На глазах множества людей и все-таки словно одинокая пара в заснеженном ландшафте меж павильонами и дворцами, шли они к дому английских гостей. Лишь парящая над летним дворцом речная чайка или зависший в вышине сокол, ищущий далеко внизу добычу, могли бы разглядеть, что эту пару неотступно сопровождала свита, перебегающая, крадущаяся, а не то и переползающая от укрытия к укрытию.

Исчезните, сказал император, исчезните. Однако для мандарина, отвечающего своей жизнью за безопасность Высочайшего, это означало: прочь с моих глаз! И Великий мог поворачиваться во всех направлениях, но нигде не увидел бы ничего, кроме зимней пустоты, заснеженных зданий, морозного оцепенения.

И не было слышно ни чаек, ни сокола, лишь изредка доносился разрывающий тишину крик голодной вороны да негромко журчала горячая река, берега которой и в разгар зимы оставались зелеными и там даже в студеные дни цвели фиолетовые и пурпурные болотные цветы.

В зрелище одинокой, скрытно сопровождаемой свитой пары средь голого зимнего ландшафта живописно и явственно проступило то, что за минувшие недели стало загадочным и неопровержимым фактом: где бы и когда бы ни заходила речь о часах вечности, — упоминал ли о них как о плоде демонических чар встревоженный мандарин или как о чуде евнухи, занятые уходом за курантами и автоматами, — император непременно желал оставаться с этим механизмом наедине, погруженный в своего рода монолог. Он не желал слышать ни оценок, ни суждений, ни экспертных заключений по поводу механизма, который, как никакой другой, касался его собственного существования, ведь эта машина, казалось, все больше и больше становилась знаком и символом его бытия.

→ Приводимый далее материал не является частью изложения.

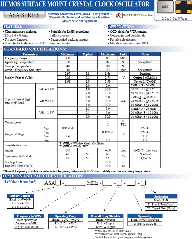 Abracon晶振,ASA-16.000MHZ-L-T振蕩器,ASA石英振蕩器.普通貼片石英晶振外觀使用金屬材料封裝的,具有高穩(wěn)定性,高可靠性的石英晶體振蕩器,晶振外觀本身使用金屬封裝,充分的密封性能,可確保其高可靠性,采用編帶包裝,外包裝采用朔膠盤,可在自動(dòng)貼片機(jī)上對(duì)應(yīng)自動(dòng)貼裝等優(yōu)勢(shì).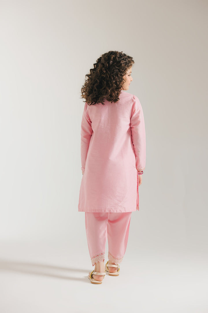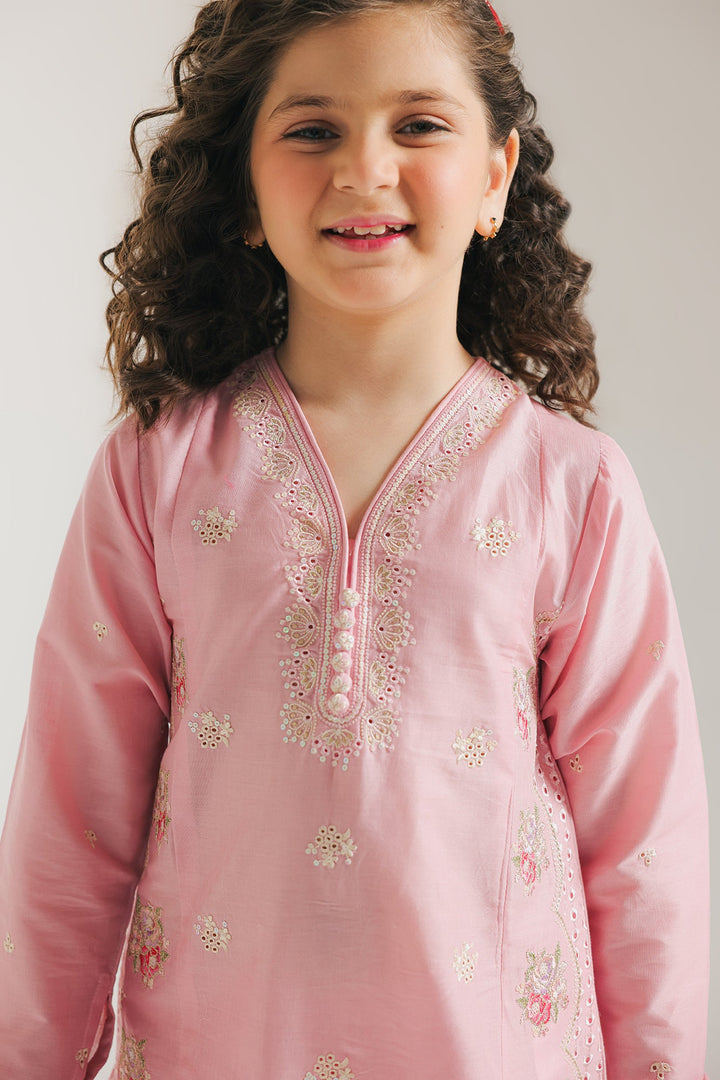 Discover a fusion of traditional and modern in this graceful outfit. Vibrant floral embroidery with schiffli technique pops with sparkling embellishments on this chic shirt and complimented with an elegant embroidered shalwar. Perfect for girls' celebrations, embrace the exquisite craftsmanship and eye-catching colors.

Она возвышалась над временами смертных, как и Владыка Десяти Тысяч Лет. Она отсчитывала свои часы за всеми пределами дня и лет и не нуждалась ни в ком, кто бы снова и снова по исчерпании всех резервов продлевал ее ход на следующие периоды. И если когда-нибудь в непостижимом грядущем она перестанет идти, будет достигнут не конец ее жизненного срока, но конец времени. Император словно желал создать вокруг творения англичан то же пустое пространство благоговения, почтения и страха, какое по законам двора окружало его престол, его самого и каждый из его шагов, так что теперь при посещении Павильона Четырех Мостов, императора сопровождало все меньше людей, пока наконец, в этот зимний день, такое право осталось лишь за одним-единственным человеком — за Прекрасной. За Нежной. За Ань.

Трижды император посещал Павильон Четырех Мостов, и словно каждый из этих трех визитов сам по себе не был достаточно значимым событием, Великий к тому же обращался к английским магам как к членам своей семьи. Задавал вопросы и допускал, чтобы те, к кому они были обращены, отвечали стоя, а не распростершись ниц в пыли и не на коленях. Он защищал только свое лицо, ибо и для англичан не отменил запрета смотреть Сыну Неба в глаза.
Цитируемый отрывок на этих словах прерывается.